SOURCE RECORDS
__________________________________________________
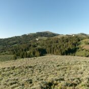 Second, park at a trailhead parking area about 100 yards south of the bridge crossing. An unsigned trail goes from here up over the toe of the northeast spur then drops to the south side of Antelope Creek, where it heads west then southwest up the creek drainage. Third, park up a short side road that leads to a campsite and a trail heading up Horsethief Creek. This side road is about 100 yards south of the trailhead parking area. From the Horsethief Creek Trail, one can scramble west and quickly intercept the northeast spur. This final access point was my chosen option. The end of the side road is at 6,810 feet and 43°37’35.9”N, 113°43’39.4”W.
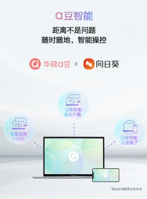 为打造更高效的年轻生产力装备,华硕a豆系列还联合了专业远程控制品牌“向日葵远程控制”,共同打造年轻用户的高效智能生态圈。打破时间地域限制,能轻松实现远程桌面、远程协助、远程文件传输等核心功能,更能实现跨系统远程办公,畅享云端体验。
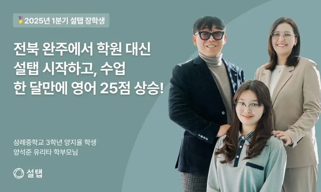 전북 완주에서 학원 대신 설탭 시작하고, 수업 한 달 만에 영어 25점 상승!
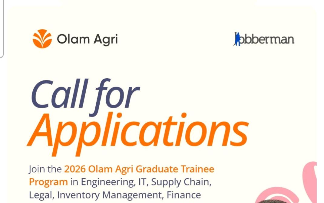 The Olam Agri Graduate Trainee Program is a one-year employment opportunity designed to develop early-career talent through hands-on experience across key functions.
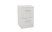 Ausführung mit Korpus in Weiß, matt und Front in Edelweiß, matt, 2 Auszüge mit Einzugsdämpfung, 1 Abdeckplatte,
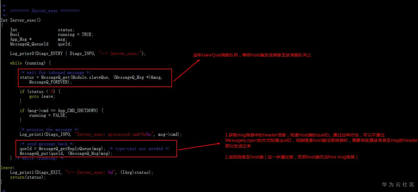 Int MessageQ_put(MessageQ_QueueId queueId, MessageQ_Msg msg):发送消息到queueId对应的消息队列。
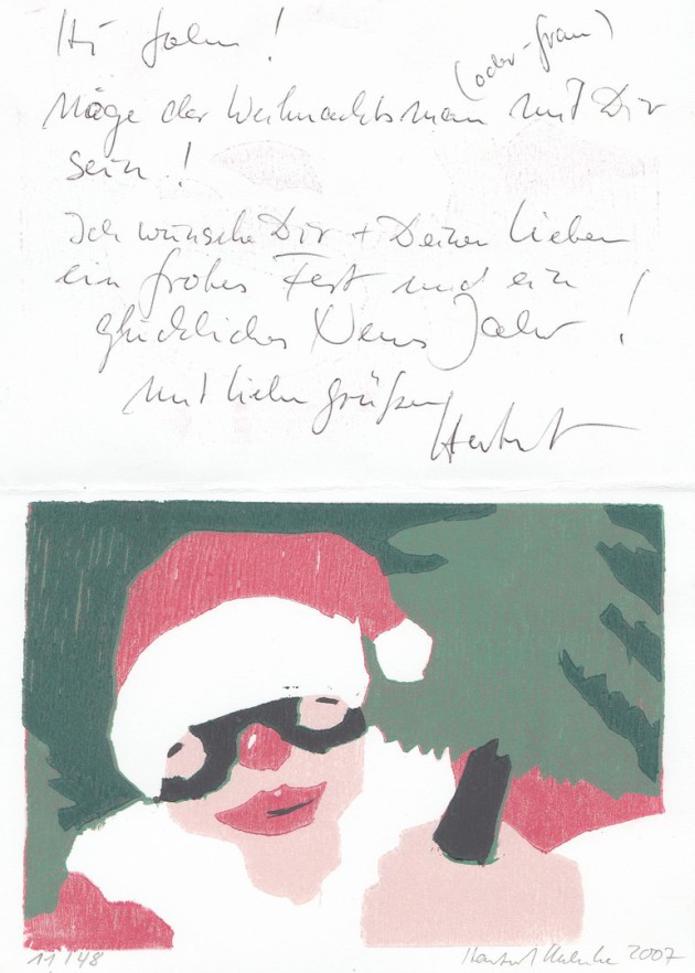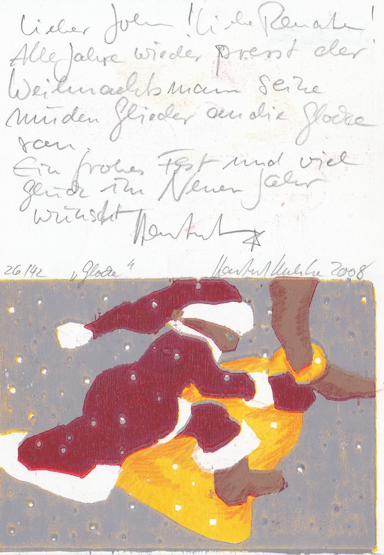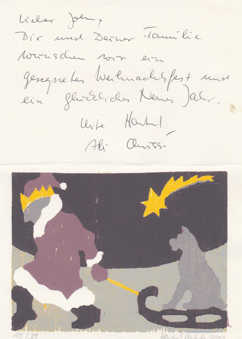 New Year greetings 2009 from Hartmut Kuhnke to J. & R. Hammond with inscription (Lieber John! Liebe Renate! Alle Jahre wieder, presst der Weihnachtsmann seine müden Glieder an die Glocke ran. Ein frohes Fest und viel Glück im Neuen Jahr wünscht Hartmut).
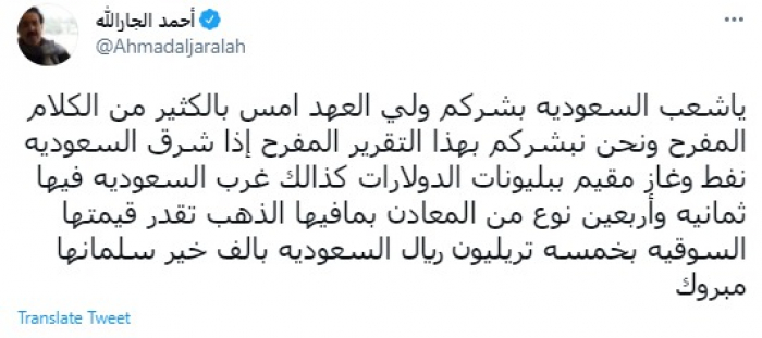 وقال في تغريدة عبر "تويتر" رصدها "المشهد العربي": "يا شعب السعودية بشركم ولي العهد أمس بالكثير من الكلام المفرح ونحن نبشركم بهذا التقرير المفرح إذا شرق السعوديه نفط وغاز مقيم ببليونات الدولارات كذالك غرب السعودية فيها ثمانية وأربعين نوع من المعادن بما فيها الذهب تقدر قيمتها السوقيه بخمسه تريليون ريال السعودية بألف خير سلمانها مبروك".
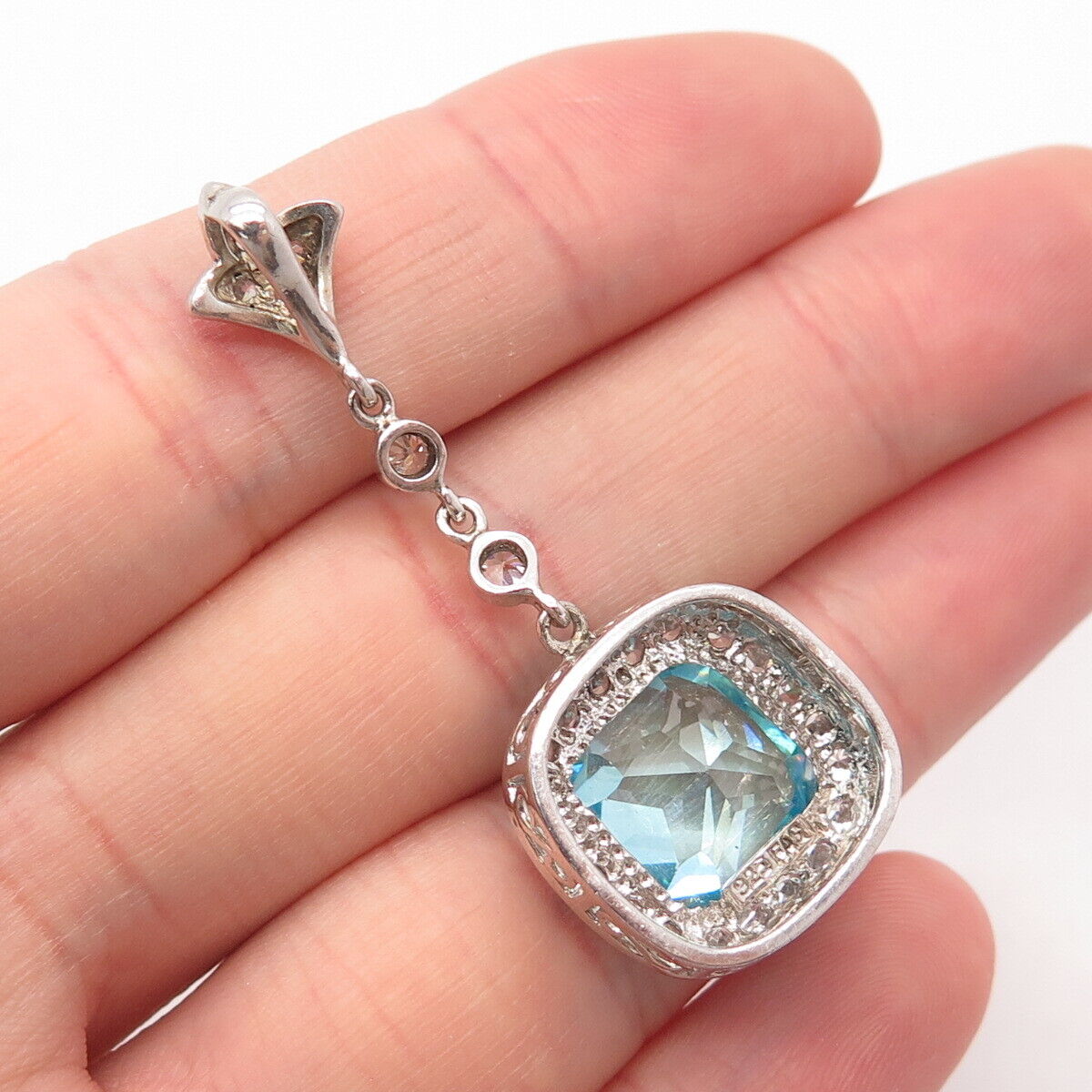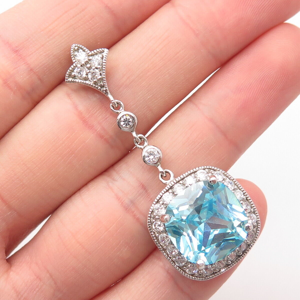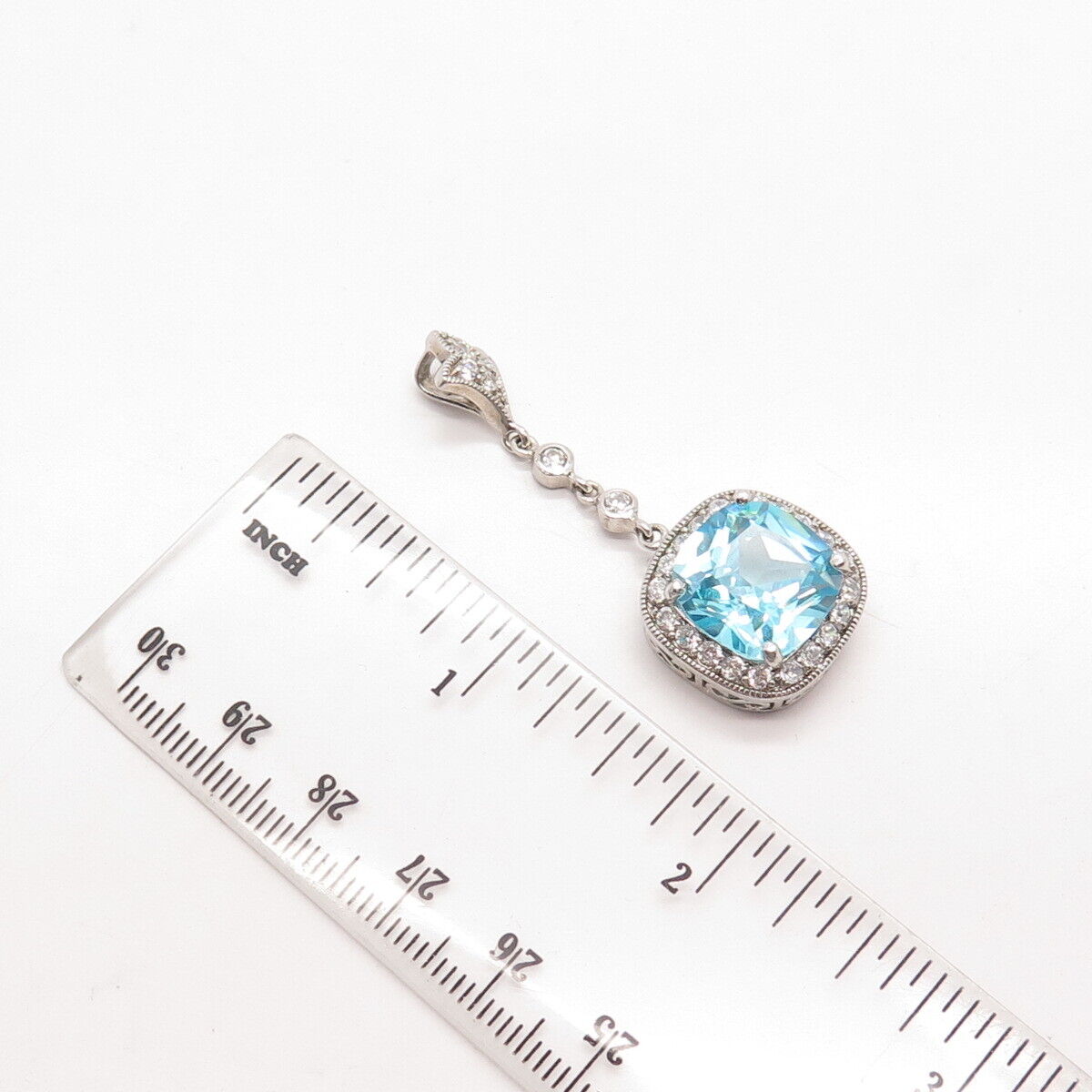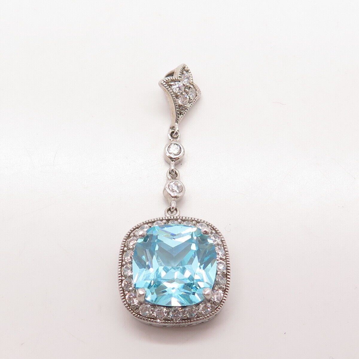 925 Sterling Silver FAS Apatite & C Z Cushion Shape Dangling Pendant
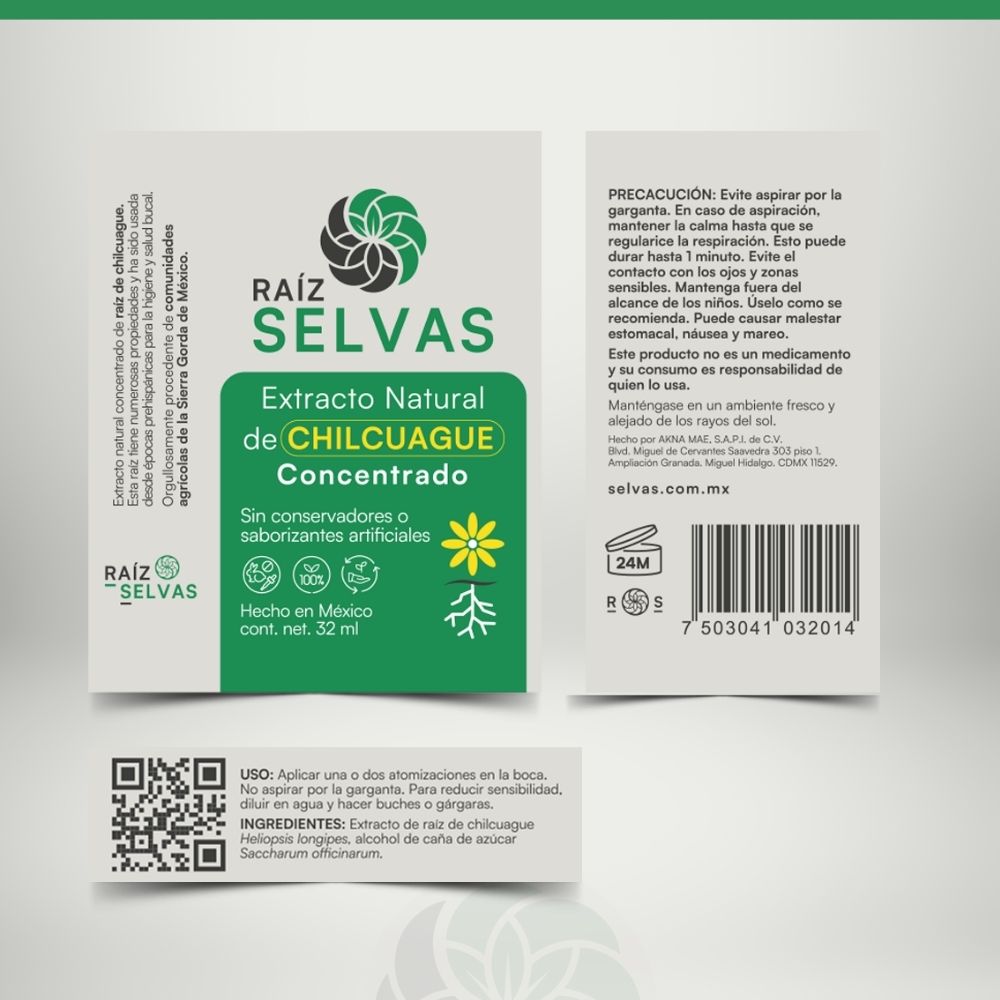 CONCENTRADO: Extracto de raíz de chilcuague Heliopsis longipes, alcohol de caña de azúcar Saccharum officinarum.
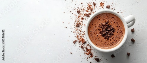 Hot cocoa with chocolate shavings, white background, cozy winter vibes, isolated, minimal design, close-up
__________________________________________________
TASK GOAL
Copy the whole of the material above exactly, but not its images.

WRITTEN RESPONSE
 Second, park at a trailhead parking area about 100 yards south of the bridge crossing. An unsigned trail goes from here up over the toe of the northeast spur then drops to the south side of Antelope Creek, where it heads west then southwest up the creek drainage. Third, park up a short side road that leads to a campsite and a trail heading up Horsethief Creek. This side road is about 100 yards south of the trailhead parking area. From the Horsethief Creek Trail, one can scramble west and quickly intercept the northeast spur. This final access point was my chosen option. The end of the side road is at 6,810 feet and 43°37’35.9”N, 113°43’39.4”W.
 为打造更高效的年轻生产力装备,华硕a豆系列还联合了专业远程控制品牌“向日葵远程控制”,共同打造年轻用户的高效智能生态圈。打破时间地域限制,能轻松实现远程桌面、远程协助、远程文件传输等核心功能,更能实现跨系统远程办公,畅享云端体验。
 전북 완주에서 학원 대신 설탭 시작하고, 수업 한 달 만에 영어 25점 상승!
 The Olam Agri Graduate Trainee Program is a one-year employment opportunity designed to develop early-career talent through hands-on experience across key functions.
 Ausführung mit Korpus in Weiß, matt und Front in Edelweiß, matt, 2 Auszüge mit Einzugsdämpfung, 1 Abdeckplatte,
 Int MessageQ_put(MessageQ_QueueId queueId, MessageQ_Msg msg):发送消息到queueId对应的消息队列。
 New Year greetings 2009 from Hartmut Kuhnke to J. & R. Hammond with inscription (Lieber John! Liebe Renate! Alle Jahre wieder, presst der Weihnachtsmann seine müden Glieder an die Glocke ran. Ein frohes Fest und viel Glück im Neuen Jahr wünscht Hartmut).
 وقال في تغريدة عبر "تويتر" رصدها "المشهد العربي": "يا شعب السعودية بشركم ولي العهد أمس بالكثير من الكلام المفرح ونحن نبشركم بهذا التقرير المفرح إذا شرق السعوديه نفط وغاز مقيم ببليونات الدولارات كذالك غرب السعودية فيها ثمانية وأربعين نوع من المعادن بما فيها الذهب تقدر قيمتها السوقيه بخمسه تريليون ريال السعودية بألف خير سلمانها مبروك".
 925 Sterling Silver FAS Apatite & C Z Cushion Shape Dangling Pendant
 CONCENTRADO: Extracto de raíz de chilcuague Heliopsis longipes, alcohol de caña de azúcar Saccharum officinarum.
 Hot cocoa with chocolate shavings, white background, cozy winter vibes, isolated, minimal design, close-up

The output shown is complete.